NP but not NP-List re Baker on deconstruction

Doug Millison millison at online-journalist.com
Wed Feb 20 18:16:30 CST 2002


Otto, I thought you and some others might be interested to see this
response to that email from PSYART that I shared with the P-list the other
day.



Date:         Mon, 18 Feb 2002 16:48:34 -0500
Reply-To: Institute for Psychological Study of the Arts
              <PSYART at LISTS.UFL.EDU>
Sender: Institute for Psychological Study of the Arts
              <PSYART at LISTS.UFL.EDU>
From: Norman Holland <nholland at UFL.EDU>
Subject:      Baker on deconstruction


Thanks, Norm, for the post on Baker's Atoms of Language, I enjoyed reading
his description of grammar structures as a grounding force for meaning. I was
troubled, however, by his use of postmodernism--a concept in which he
disclaims expert status (and rightly so, considering how badly he gets
it)--as a straw man for detailing his linguistic theory. Since this is a
quote it isn't clear what else he has to say about the postmodern or if he
makes it clear what he means by postmodernism, which is a notoriously
promiscuous concept. Worse, he calls Derrida a postmodernist and Saussure a
structuralist, the latter a bizarre anachronistic nomination. The quote has
nothing to say about what Derridean text Baker uses for his conclusions.

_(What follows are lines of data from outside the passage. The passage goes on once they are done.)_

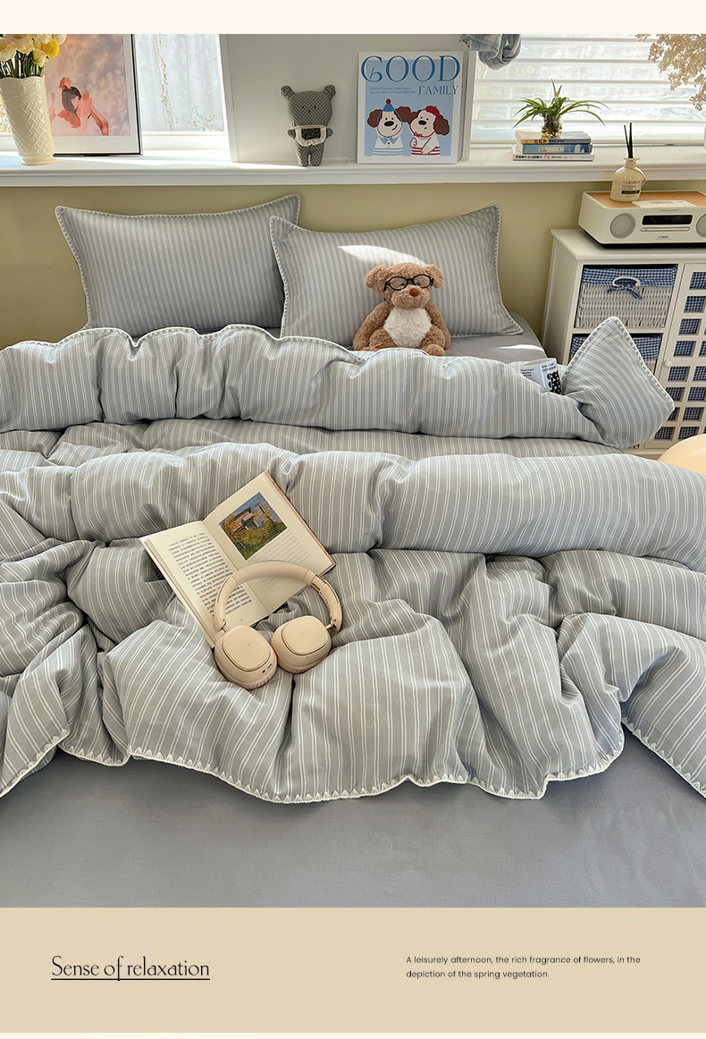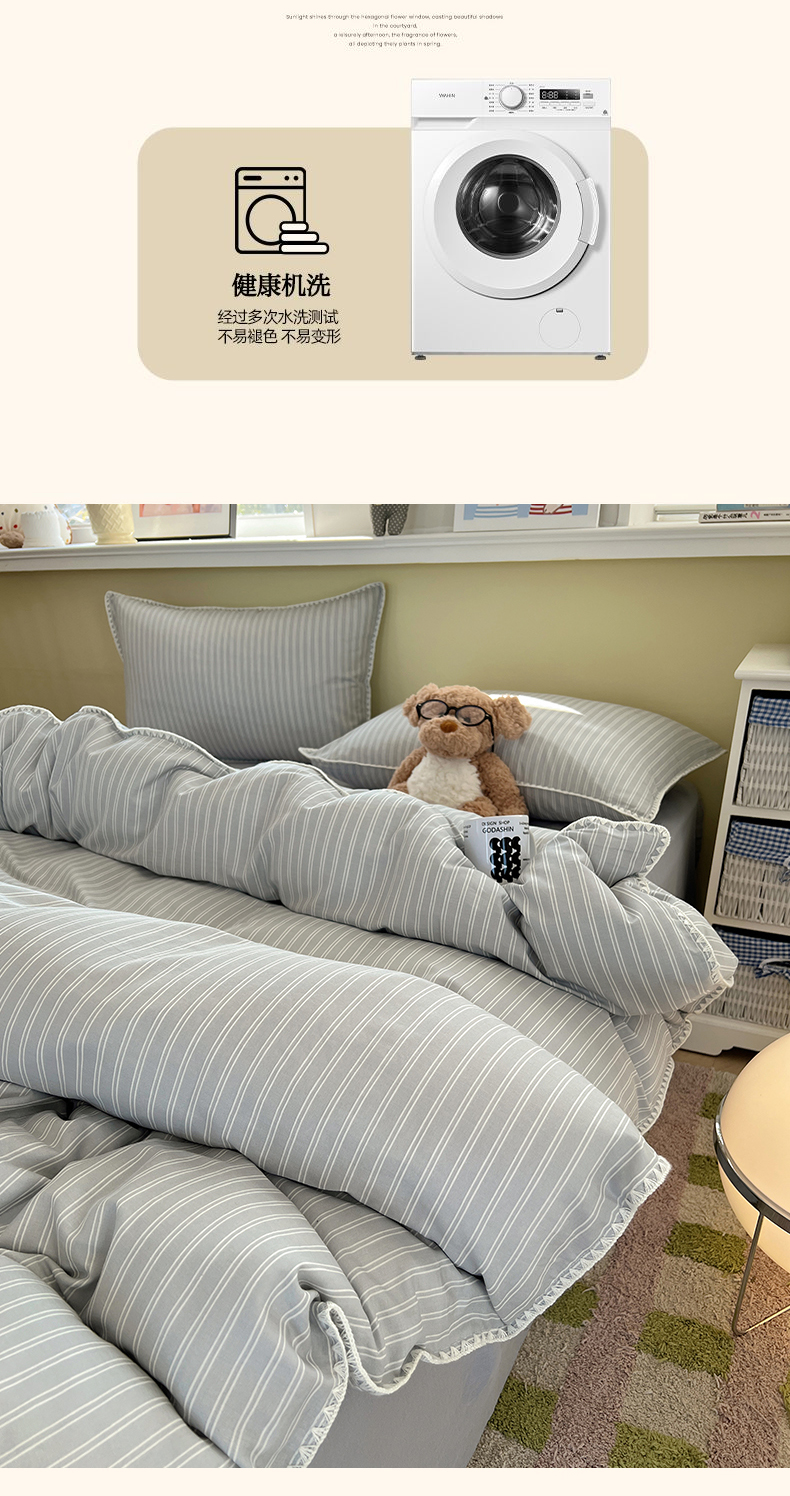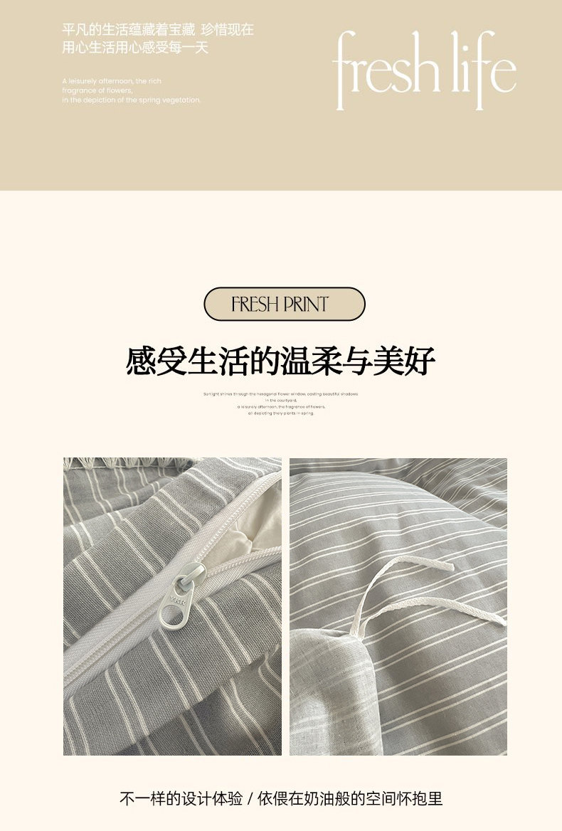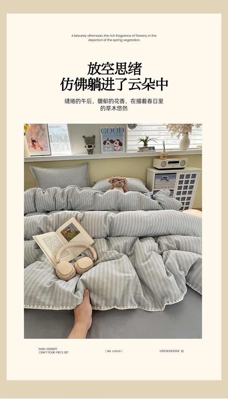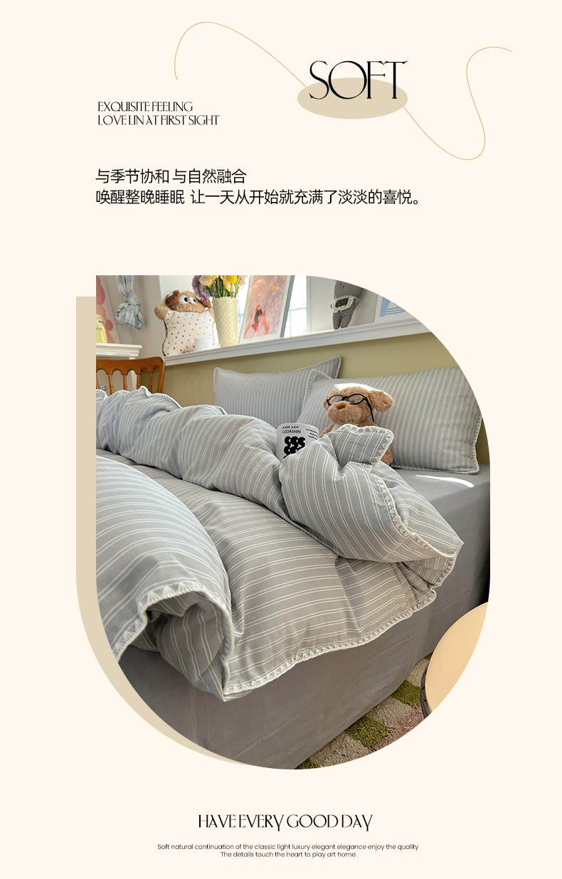 当前位置: 91家纺网 > 商品网购 > 床品套件 > 四件套 > 双层纱四件套 > 曼之夏 2026新款全棉纯棉有氧双层纱贝壳边四件套 贝壳边休闲条纹
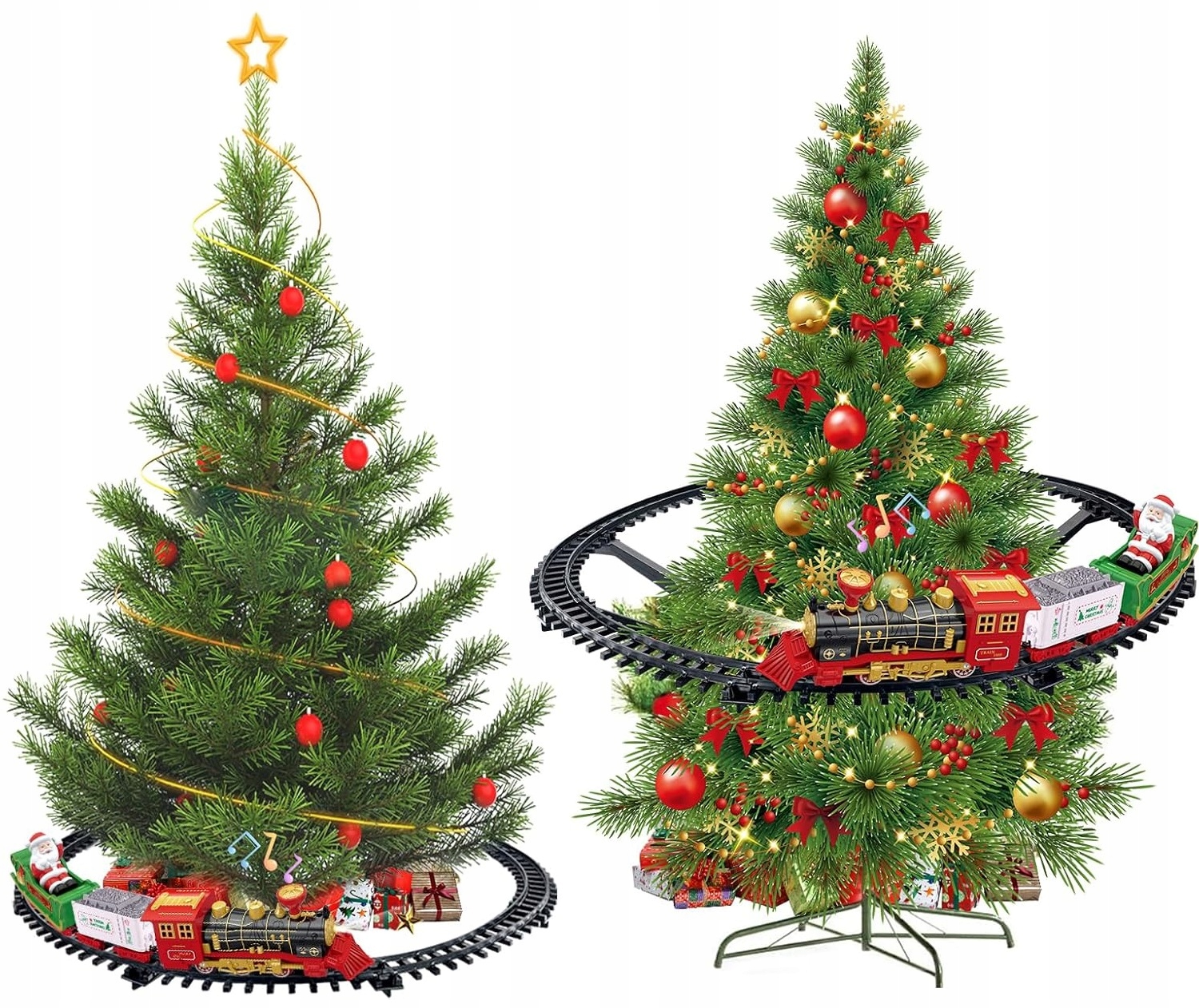 Установив рельсы посередине рождественской елки, поезд будет величественно обходить елку, придавая ей уникальный вид.
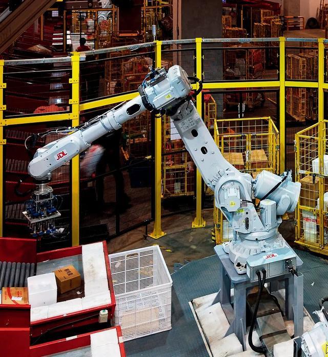 分拣工作是一个体力活,最多时,工人一天要码放上千件包裹。今年,一部分工作开始被机器接管。14台几人高的机械臂“异狼”立在格口之间,伸展、抓取、放置一个包裹,平均只用15秒。单台机械臂单日分拣抵得上一名分拣员的饱和工作量。更重要的是,这些机械臂不知疲倦,可以将工人从高强度的体力劳动中解放出来。
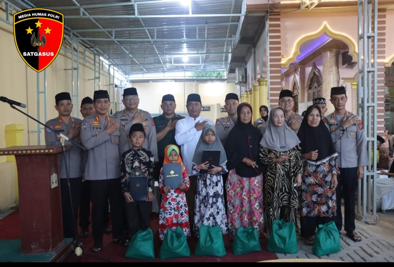 Dalam kesempatan tersebut,Irwasda Polda Sumut dan Kapolresta Deli Serdang menyerahkan santunan dari Kapolda Sumut Irjen Pol Whisnu Hermawan Februanto kepada anak-anak yatim, Santunan ini merupakan bentuk kepedulian dan solidaritas Polri terhadap masyarakat, terutama anak-anak yang membutuhkan.
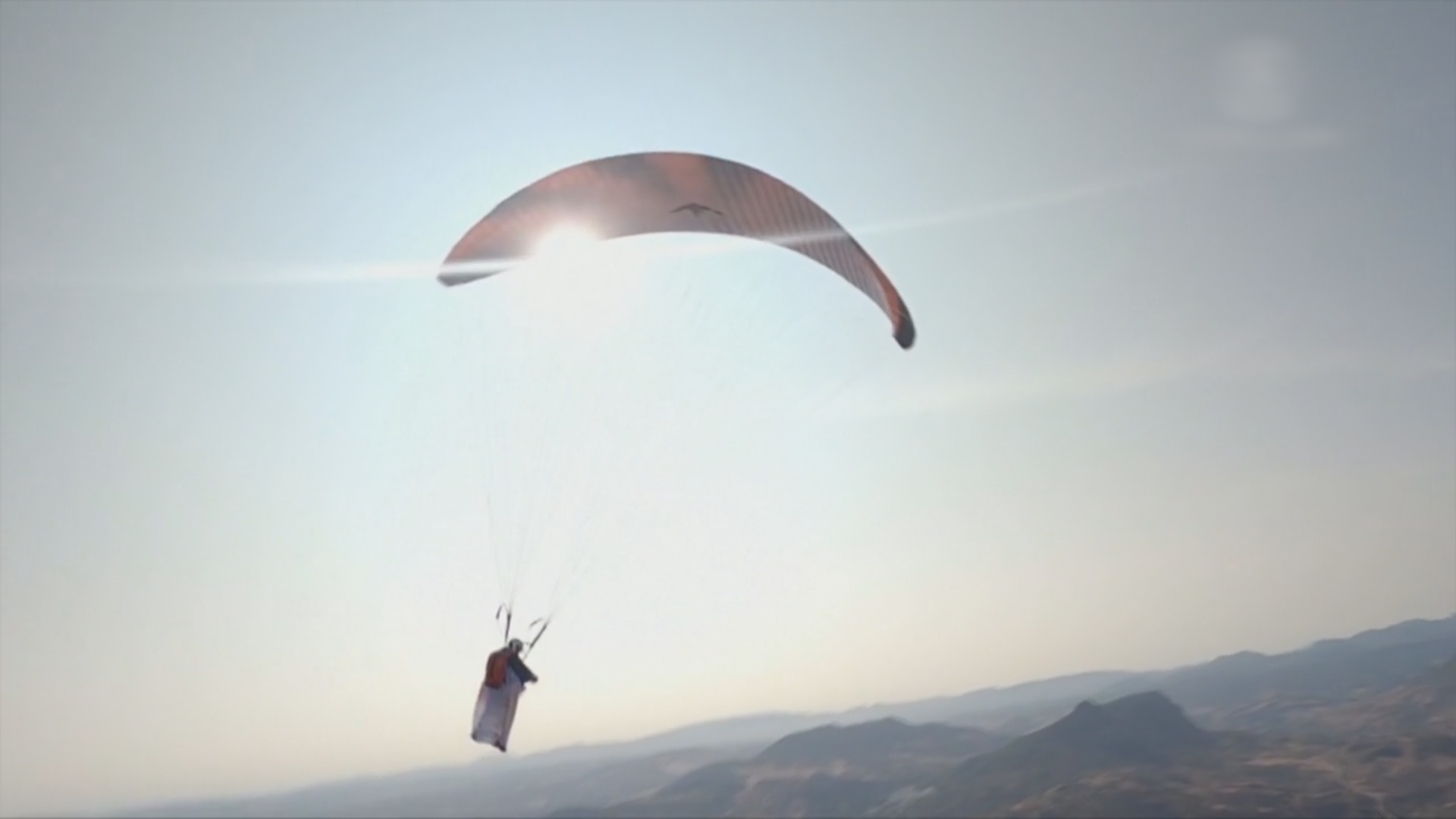 特吉羅從動力傘一躍而下,滑翔傘瞬間撐開,短暫顛簸後,特吉羅在空中進入平穩飛翔狀態,特吉羅趁機將滑翔翼裝拉索拉好,甩掉滑翔傘,轉而進入翼裝飛行。
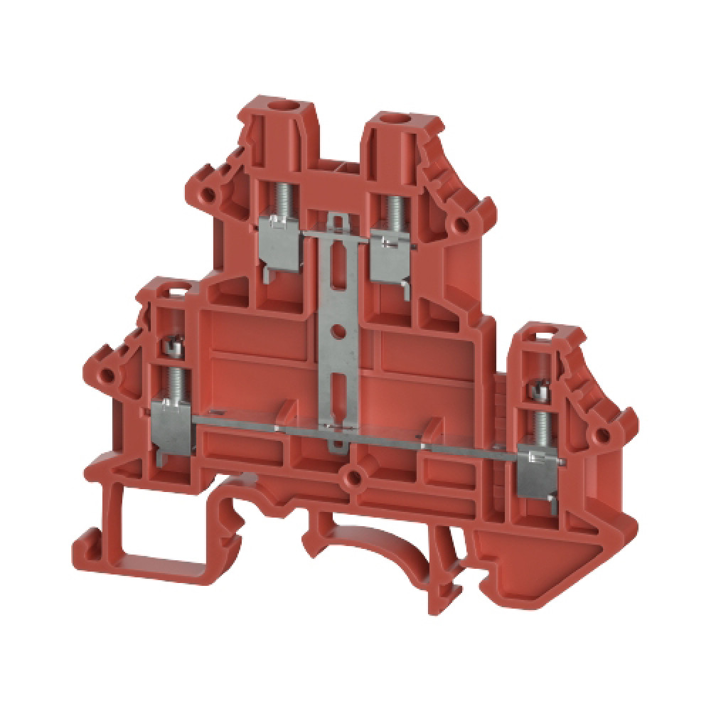 Этажная клемма, 2 этажа, межэтажная перемычка, тип фиксации провода: винтовой, номинальное сечение: 2,5 мм кв., 24A, 400V, ширина: 5,1 мм, цвет: красный тип монтажа: DIN35
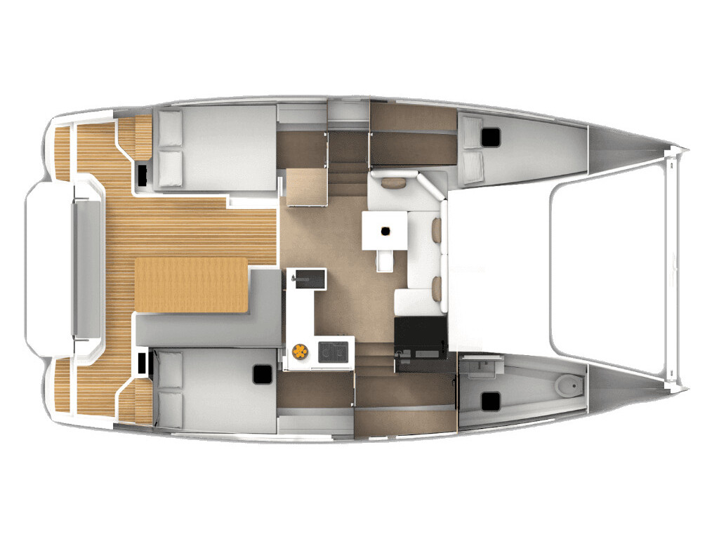 Catamaran Aventura 34 Marlon, built in 2022 is anchored in the Marina Kornati, Biograd, Croatia - Zadar, Croatia. It has 3 cabins, can accommodate 6 people and has 1 toilets. Bed linen and kitchen equipment are included in the price.
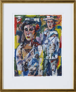 MAHMUD CAWIAN (född 1951): Figurkomposition, signerad Cawian, daterad 97, akryl på papper, bildyta 30x24 cm . 526701.
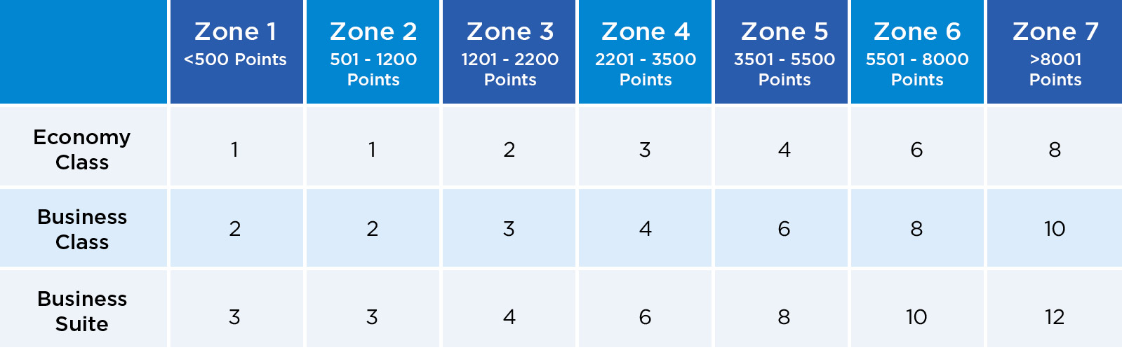 Your Elite Points earned will be based on your travel destination that falls into the respective Zones and cabin class of travel. For example, if you are a Silver member and you travel to Singapore (Zone 1 - <500 points) on Economy class, you will earn 1 Tier Elite Point.
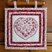 Delicate RedWork Flowers and Vines surround a pair of “love birds”. A lovely embroidered design for a sweet Valentine’s Day. Your heart will make a perfect Gift for someone Special to remember on Valentine’s Day! An easy and effective finish of concentric rows of various Red & Cream cottons to frame your pretty heart.
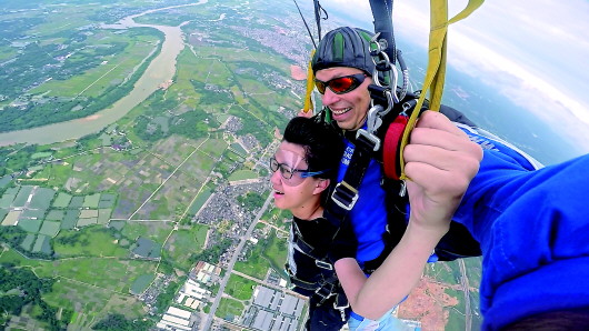 更瘋狂的是去年6月,方堅澤嘗試了一次跳傘。那天教練帶著他從4千米的高空躍下,當毫發(fā)無損地回到地面,他對人生又有了更多的感悟:挫折對人生而言微不足道,奮斗和努力會讓人活得出彩。

In a
sense this doesn't matter, though I'm curious to see what Baker is reading
and whence comes statements like, "Many ("many"?) of Derrida's observations
about language are valid at the level of words." Derrida's considerable and
sizey oeuvre makes it unlikely that he's talking about all Derrida, maybe
he's looking at Of Grammatology, who knows? But it's a pity Baker hasn't read
a lot more of our maligned French thinker, because then he might have a more
nuanced appreciation for the expansiveness, intelligence, suppleness, poetic
beauty, and precision of Derrida's writings. Derrida is clearly in love with
language and sentences and words--he spends a great deal of time reading
sentences very closely, not just pondering atomic sentence particles, but the
way a text as a whole works, the way meaning is produced by words, grammar,
and culture.

The current backlash against French thought, theory, and postmodernism exists
for a reason: I tend to blame it on sloppy academics who jumped on a
bandwagon and produced second and third rate texts using Derrida, Foucault,
Lacan, postmodernism et al. But I have the same impatience for writers who
jump on the backlash bandwagon without investigating the object of study
sufficiently. Reading the Intro to the History of Sexuality is not enough to
mount a real critique against the complicated (and long-time evolving)
edifice of Foucaldian thought, any more than reading a couple articles or
books by Derrida is going to give you the perspective, or understanding, to
really get under the skin of his project. Mind you, I'm not defending Derrida
or postmodernism, per se--both are eminently available for critique, and
should be critiqued--I am just asking for the basic rigor of reading what
you're talking about. If Baker wants to use Derrida as an example, he should
read a LOT of Derrida. Otherwise, he dilutes the transmission of his
linguistic theory by trying to be trendy, and that truly is a pity.